About this task: The lines you should transcribe are those from the one containing "Distinguées et raffinées, ces" to the end of the listing below, exactly, with pictures left out.
━━━━━ Data supplied ━━━━━
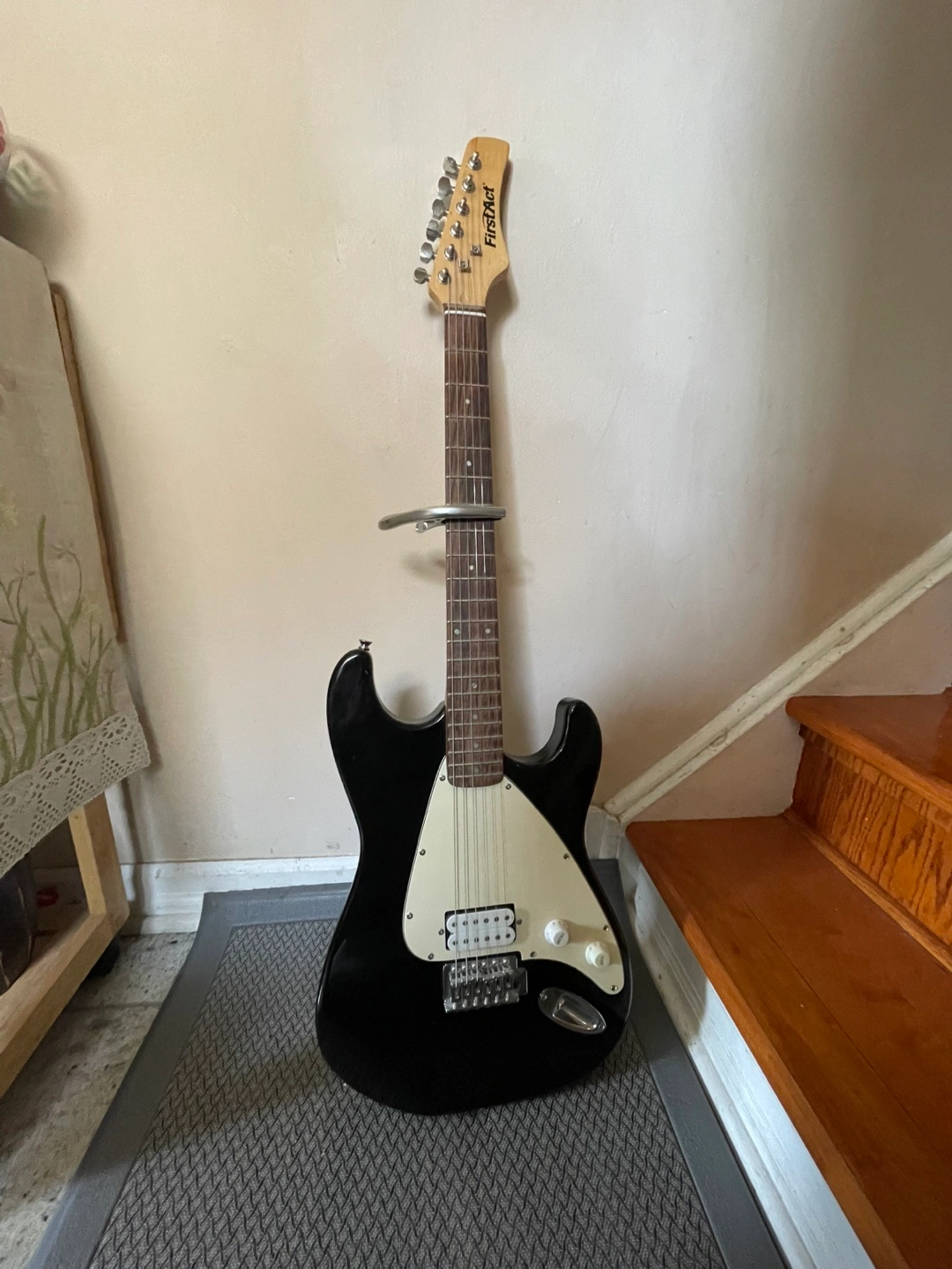 66Black electric guitar. White pickguard. Six tuning pegs. Includes a case, perfect for transporting your guitar wherever you may need to go. Also comes with a Capo!!!
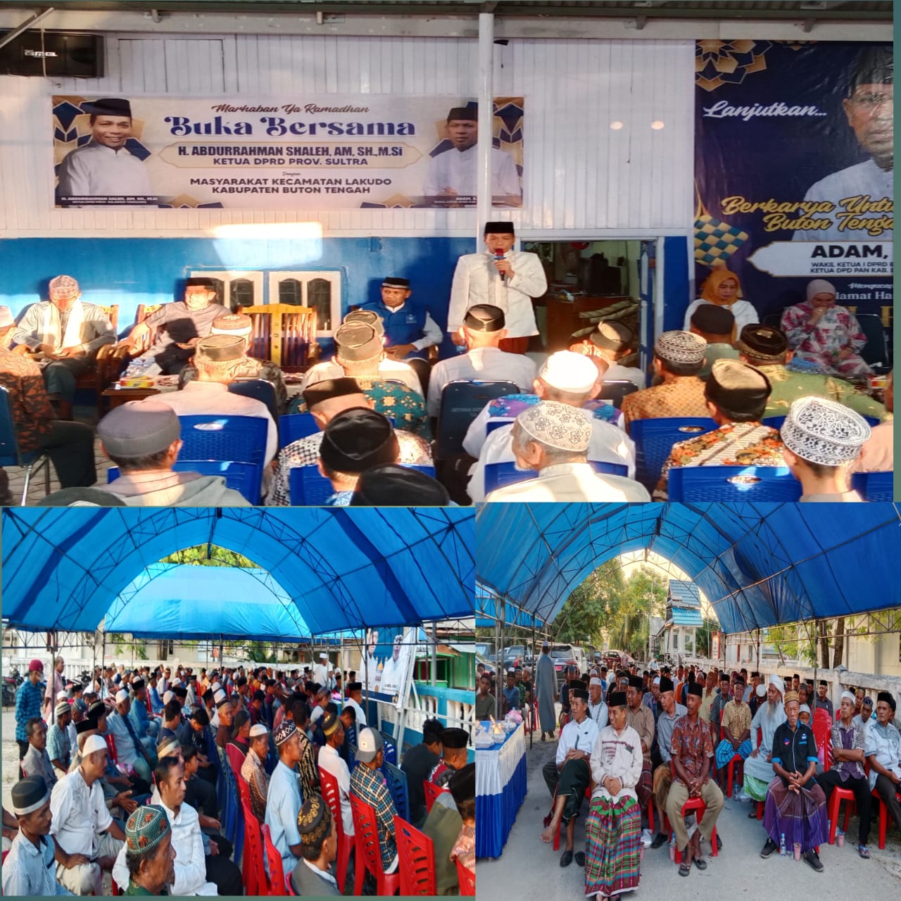 Ketua DPRD Provinsi Sultra, Abdurrahman Shaleh, dalam sambutannya dihadapan ratusan warga Lakudo mengatakan, kunjungannya di Buton Tengah ini merupakan giat safari Ramadan yang rutin dilaksanakan setiap tahun dengan disertai buka puasa bersama masyarakat Buton Tengah di Lakudo.
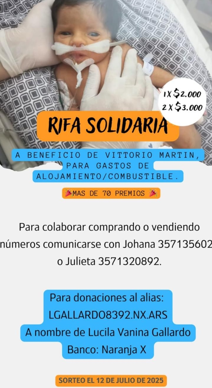 Vittorio nació antes de tiempo, con apenas 36 semanas de gestación y una complicación en el embarazo: una fisura en la bolsa amniótica. Esa condición le provocó falta de oxígeno al nacer, y debió ser internado de urgencia en la ciudad de Alta Gracia, donde aún permanece bajo cuidados médicos. Su mamá hace todo lo posible por estar a su lado, viajando constantemente para acompañarlo, pero la situación económica no es fácil. Combustible, alojamiento, comida y traslados son costos diarios que la familia no puede sostener sola.
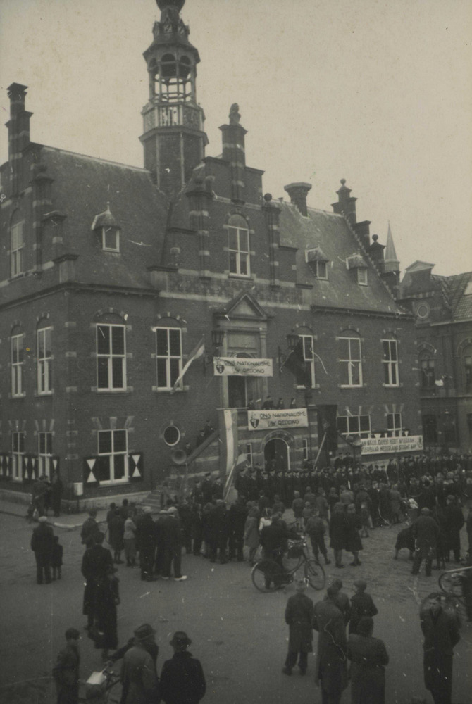 Propaganda door de NSB op het Amstelveld, voorheen een vooral joodse markt.
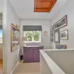 FAMILY BATHROOM: Bamboo flooring, bathtub with mixer tap, shower enclosure with tiled splashbacks and wall mounted shower and controls, sink with mixer tap, low level WC, heated towel rail and door to large airing cupboard with shelves, housing the boiler and hot water tank.
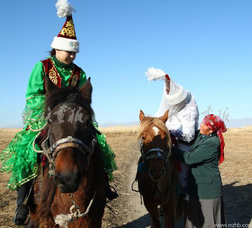 新娘唱完“闊爾斯”后,在伴娘的攙扶下,和親人們一一擁抱,揮淚告別。新娘離家時,彩巾蒙頭,出門吻別父母,騎上最快最好的馬,同新郎并駕而行。遇有攔路的繩索,新娘必須下馬,向攔路的小伙子贈送紀念品,否則,小伙子們會故意取鬧不放行。
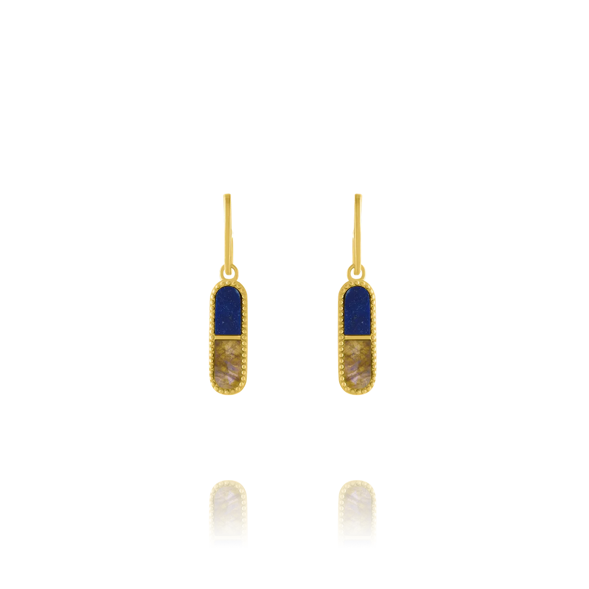 Distinguées et raffinées, ces boucles d'oreilles ovales de la collection Styles associent harmonieusement le bleu profond du lapis-lazuli à la douceur de la nacre, le tout entouré d'argent doré.
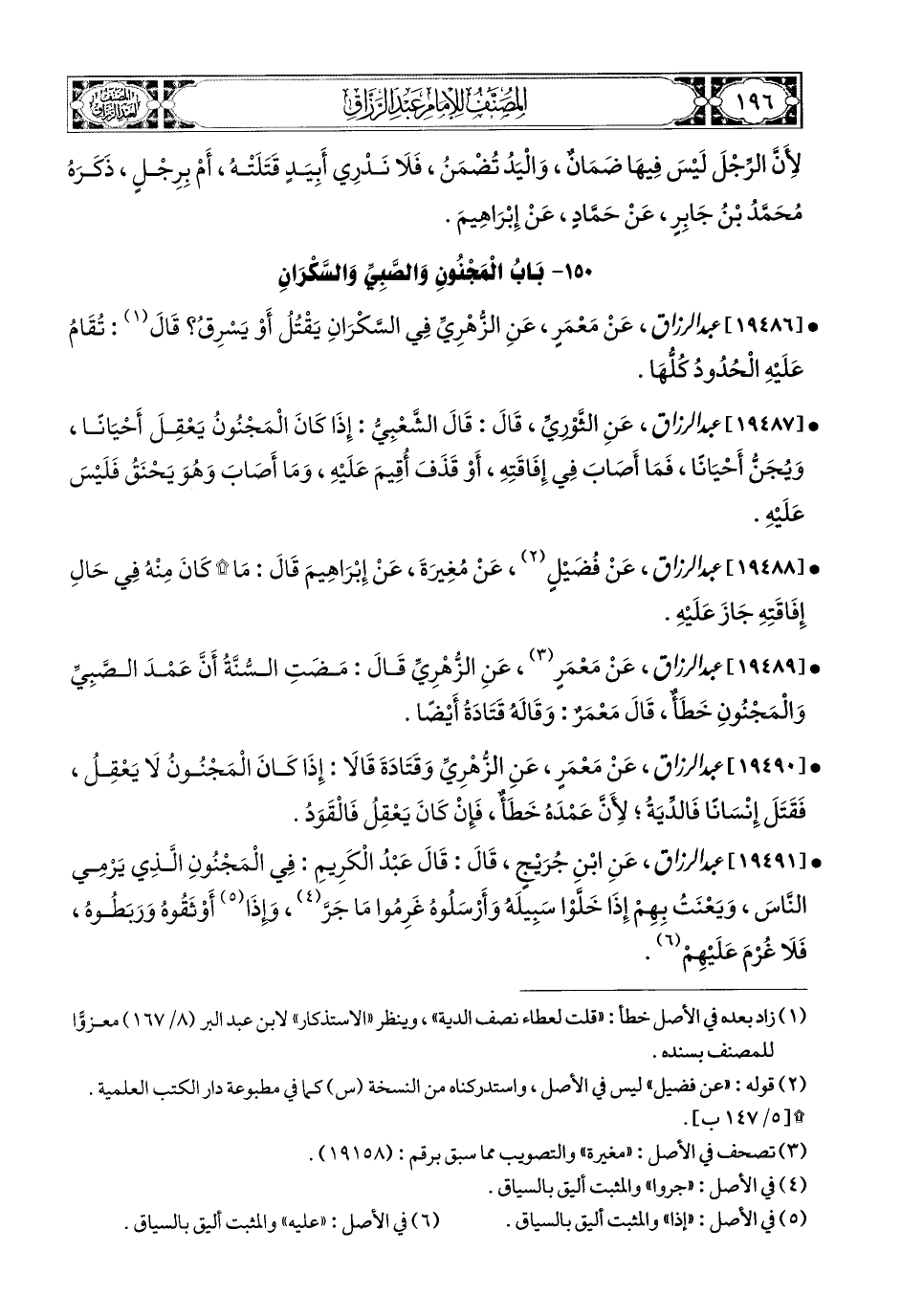 19487- عبد الرزاق، عَنِ الثَّورِيِّ، قَالَ: قَالَ الشَّعْبِيُّ: إِذَا كَانَ المَجْنُونُ يَعْقِلُ أَحْيَانًا، ويُجَنُّ أَحْيَانًا، فَمَا أَصَابَ فِي إِفَاقَتِهِ، أَوْ قَذَفَ أُقِيمَ عَلَيْهِ، وَمَا أَصَابَ وَهُوَ يَحْنَقُ فَلَيْسَ عَلَيْهِ.
━━━━━
Response to the exercise:
 Distinguées et raffinées, ces boucles d'oreilles ovales de la collection Styles associent harmonieusement le bleu profond du lapis-lazuli à la douceur de la nacre, le tout entouré d'argent doré.
 19487- عبد الرزاق، عَنِ الثَّورِيِّ، قَالَ: قَالَ الشَّعْبِيُّ: إِذَا كَانَ المَجْنُونُ يَعْقِلُ أَحْيَانًا، ويُجَنُّ أَحْيَانًا، فَمَا أَصَابَ فِي إِفَاقَتِهِ، أَوْ قَذَفَ أُقِيمَ عَلَيْهِ، وَمَا أَصَابَ وَهُوَ يَحْنَقُ فَلَيْسَ عَلَيْهِ.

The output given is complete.